# EXERCISE DETAILS
Only the lines from the first line of the data through the line containing "Den er i meget" belong in the answer, transcribed exactly; pictures do not.

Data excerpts
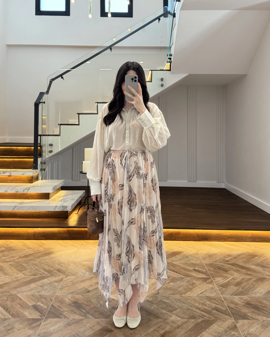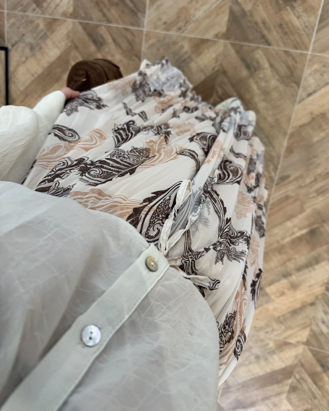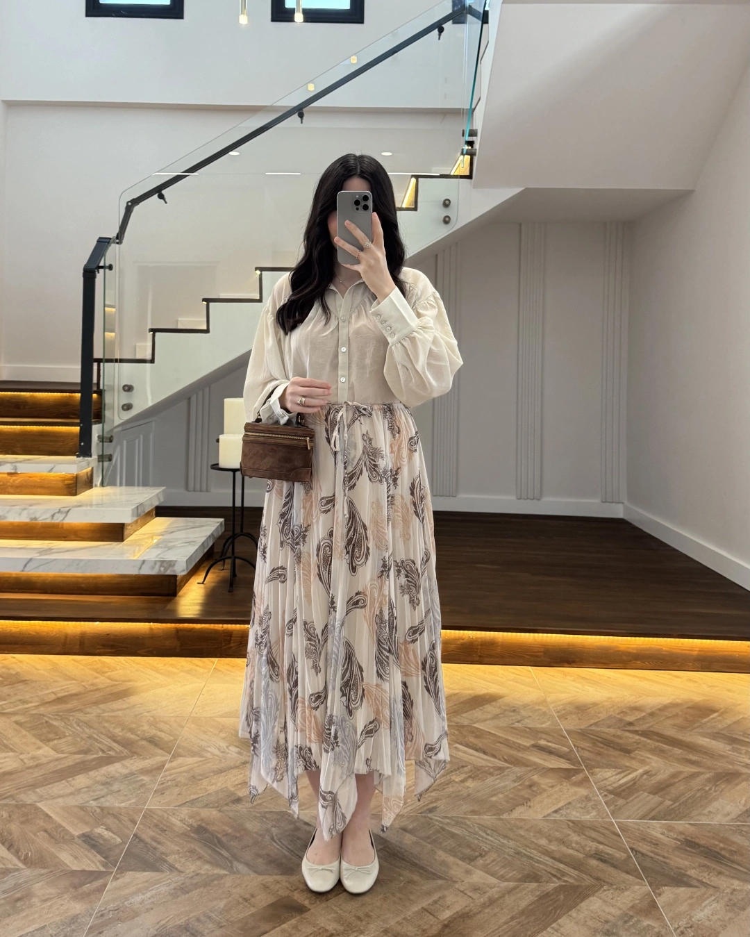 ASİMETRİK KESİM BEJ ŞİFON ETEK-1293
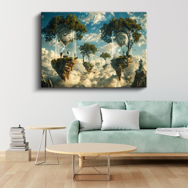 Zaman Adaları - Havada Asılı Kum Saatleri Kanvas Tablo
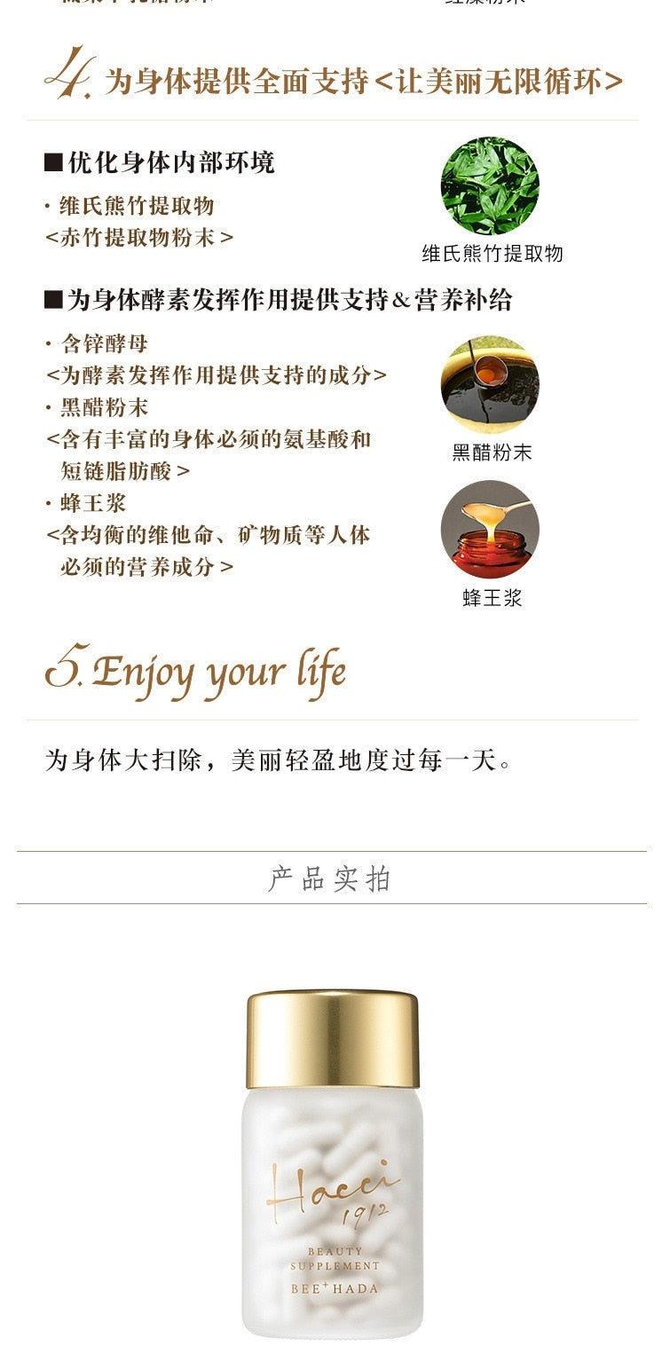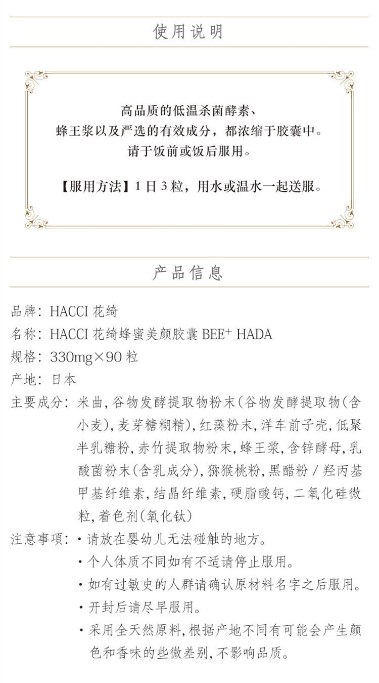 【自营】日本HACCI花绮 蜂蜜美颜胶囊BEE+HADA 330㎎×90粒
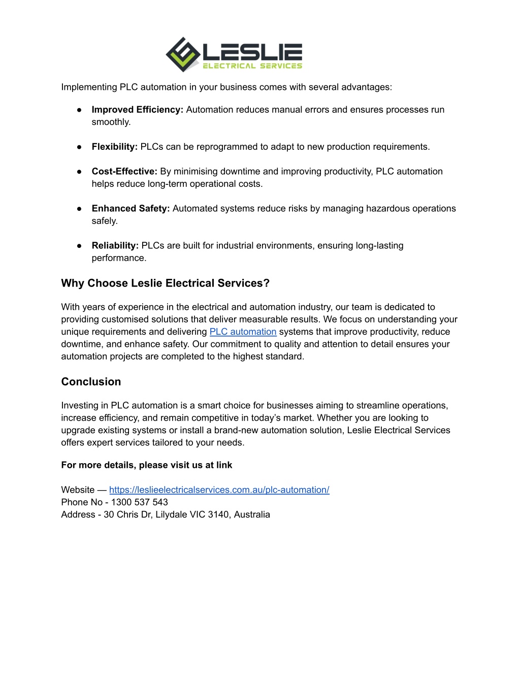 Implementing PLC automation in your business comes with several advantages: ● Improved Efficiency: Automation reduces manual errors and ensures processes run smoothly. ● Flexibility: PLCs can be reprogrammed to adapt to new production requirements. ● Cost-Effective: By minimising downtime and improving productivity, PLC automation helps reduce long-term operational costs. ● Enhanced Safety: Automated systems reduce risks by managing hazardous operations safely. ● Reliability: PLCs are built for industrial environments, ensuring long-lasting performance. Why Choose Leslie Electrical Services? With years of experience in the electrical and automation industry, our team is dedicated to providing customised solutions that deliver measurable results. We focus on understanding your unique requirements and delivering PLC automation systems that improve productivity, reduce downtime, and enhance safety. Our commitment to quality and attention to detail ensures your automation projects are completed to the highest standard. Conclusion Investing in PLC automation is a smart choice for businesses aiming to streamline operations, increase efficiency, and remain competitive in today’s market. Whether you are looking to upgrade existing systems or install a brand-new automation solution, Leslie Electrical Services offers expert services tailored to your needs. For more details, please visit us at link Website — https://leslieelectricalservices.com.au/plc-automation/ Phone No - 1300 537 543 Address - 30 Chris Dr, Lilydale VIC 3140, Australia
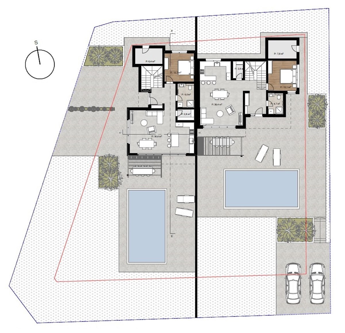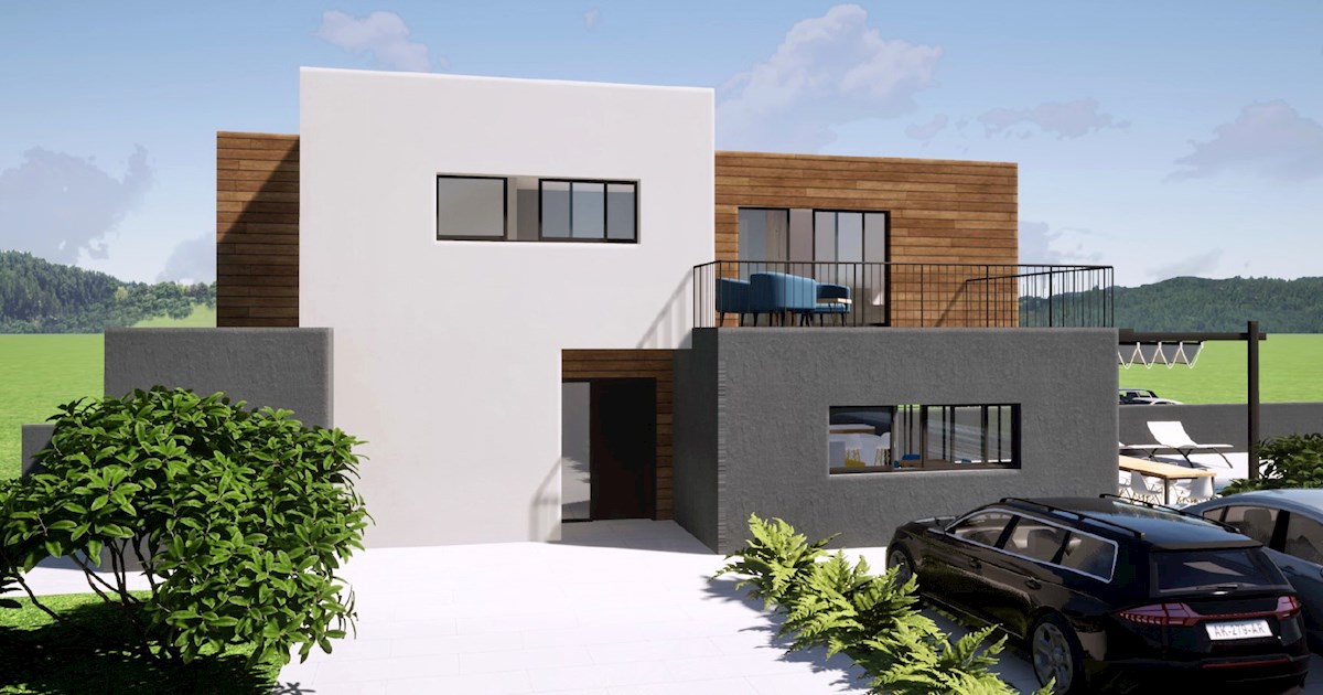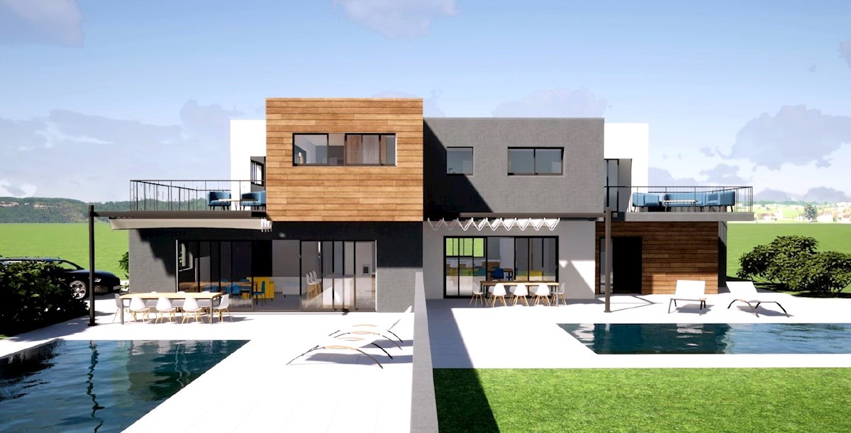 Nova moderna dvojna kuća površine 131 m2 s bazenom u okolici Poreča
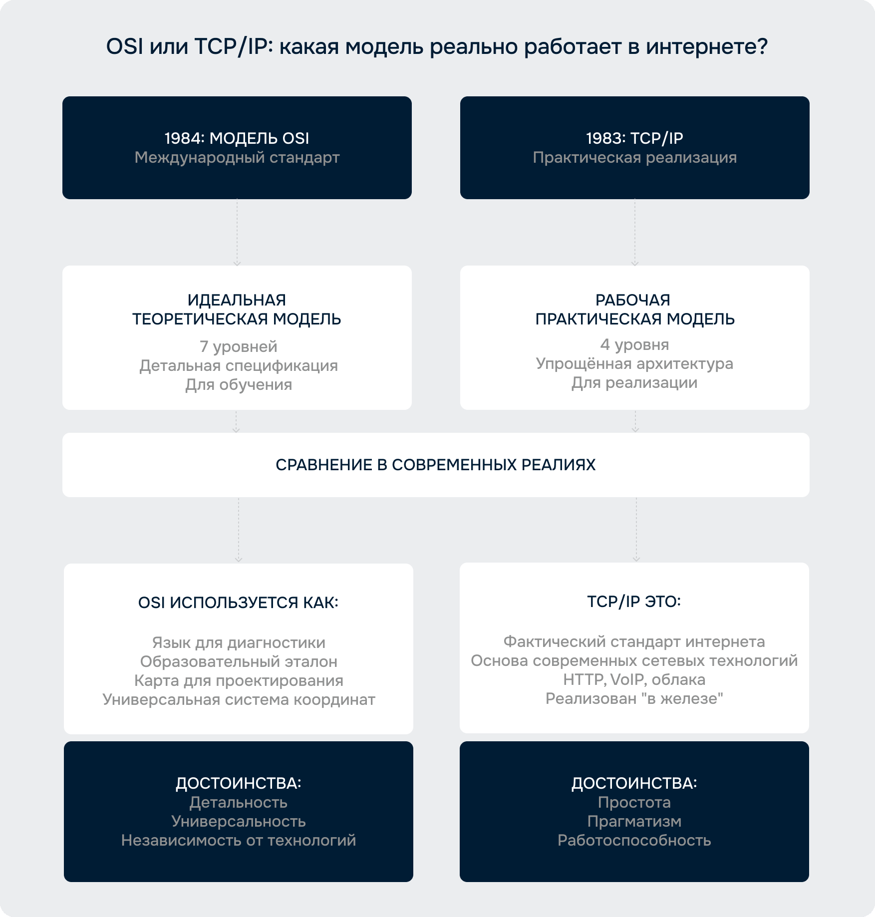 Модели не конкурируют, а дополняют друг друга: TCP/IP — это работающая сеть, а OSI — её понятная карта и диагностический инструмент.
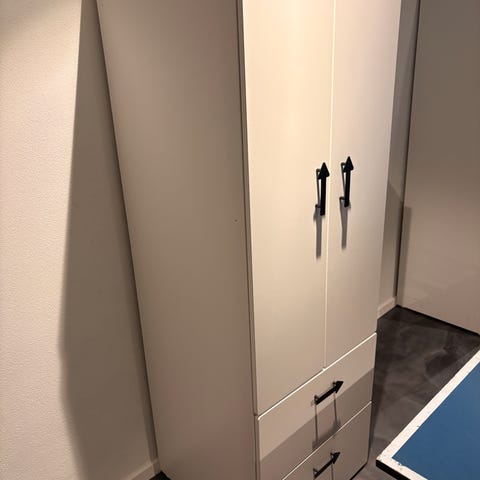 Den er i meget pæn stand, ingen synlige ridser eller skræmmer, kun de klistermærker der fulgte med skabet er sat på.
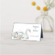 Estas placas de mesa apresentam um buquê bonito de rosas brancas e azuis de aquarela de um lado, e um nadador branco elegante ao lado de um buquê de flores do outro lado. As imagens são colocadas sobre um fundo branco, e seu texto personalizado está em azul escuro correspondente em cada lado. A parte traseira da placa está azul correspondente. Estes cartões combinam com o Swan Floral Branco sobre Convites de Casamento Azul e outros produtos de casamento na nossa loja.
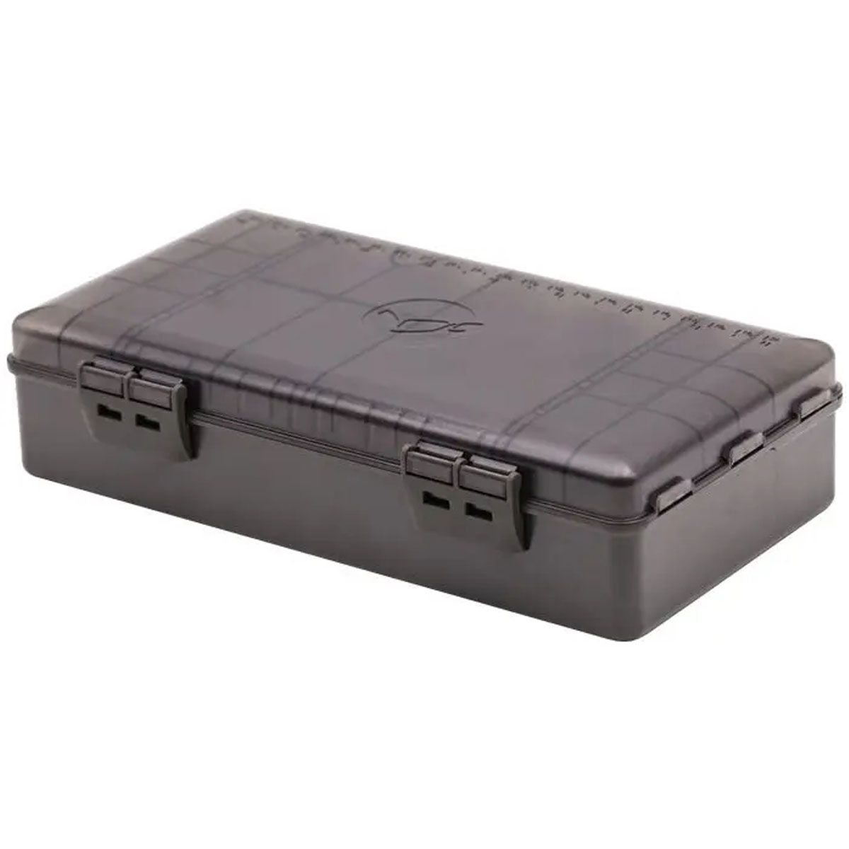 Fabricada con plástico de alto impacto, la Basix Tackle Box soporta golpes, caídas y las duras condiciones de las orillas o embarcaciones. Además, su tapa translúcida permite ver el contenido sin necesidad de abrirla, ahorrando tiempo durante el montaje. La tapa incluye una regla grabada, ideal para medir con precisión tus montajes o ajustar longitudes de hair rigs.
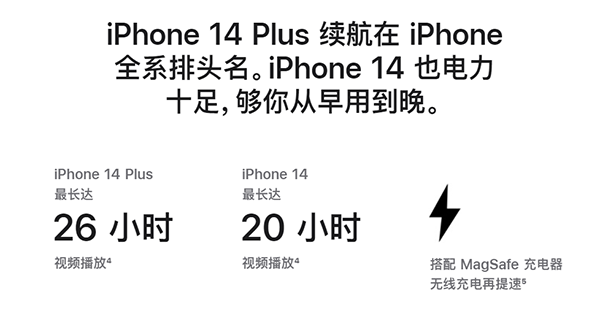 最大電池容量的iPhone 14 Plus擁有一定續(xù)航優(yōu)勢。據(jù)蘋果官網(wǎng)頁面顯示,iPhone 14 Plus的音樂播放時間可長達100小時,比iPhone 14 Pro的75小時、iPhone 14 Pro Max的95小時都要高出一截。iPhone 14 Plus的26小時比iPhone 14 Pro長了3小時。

# EXERCISE ANSWER
 ASİMETRİK KESİM BEJ ŞİFON ETEK-1293
 Zaman Adaları - Havada Asılı Kum Saatleri Kanvas Tablo
 【自营】日本HACCI花绮 蜂蜜美颜胶囊BEE+HADA 330㎎×90粒
 Implementing PLC automation in your business comes with several advantages: ● Improved Efficiency: Automation reduces manual errors and ensures processes run smoothly. ● Flexibility: PLCs can be reprogrammed to adapt to new production requirements. ● Cost-Effective: By minimising downtime and improving productivity, PLC automation helps reduce long-term operational costs. ● Enhanced Safety: Automated systems reduce risks by managing hazardous operations safely. ● Reliability: PLCs are built for industrial environments, ensuring long-lasting performance. Why Choose Leslie Electrical Services? With years of experience in the electrical and automation industry, our team is dedicated to providing customised solutions that deliver measurable results. We focus on understanding your unique requirements and delivering PLC automation systems that improve productivity, reduce downtime, and enhance safety. Our commitment to quality and attention to detail ensures your automation projects are completed to the highest standard. Conclusion Investing in PLC automation is a smart choice for businesses aiming to streamline operations, increase efficiency, and remain competitive in today’s market. Whether you are looking to upgrade existing systems or install a brand-new automation solution, Leslie Electrical Services offers expert services tailored to your needs. For more details, please visit us at link Website — https://leslieelectricalservices.com.au/plc-automation/ Phone No - 1300 537 543 Address - 30 Chris Dr, Lilydale VIC 3140, Australia
 Nova moderna dvojna kuća površine 131 m2 s bazenom u okolici Poreča
 Модели не конкурируют, а дополняют друг друга: TCP/IP — это работающая сеть, а OSI — её понятная карта и диагностический инструмент.
 Den er i meget pæn stand, ingen synlige ridser eller skræmmer, kun de klistermærker der fulgte med skabet er sat på.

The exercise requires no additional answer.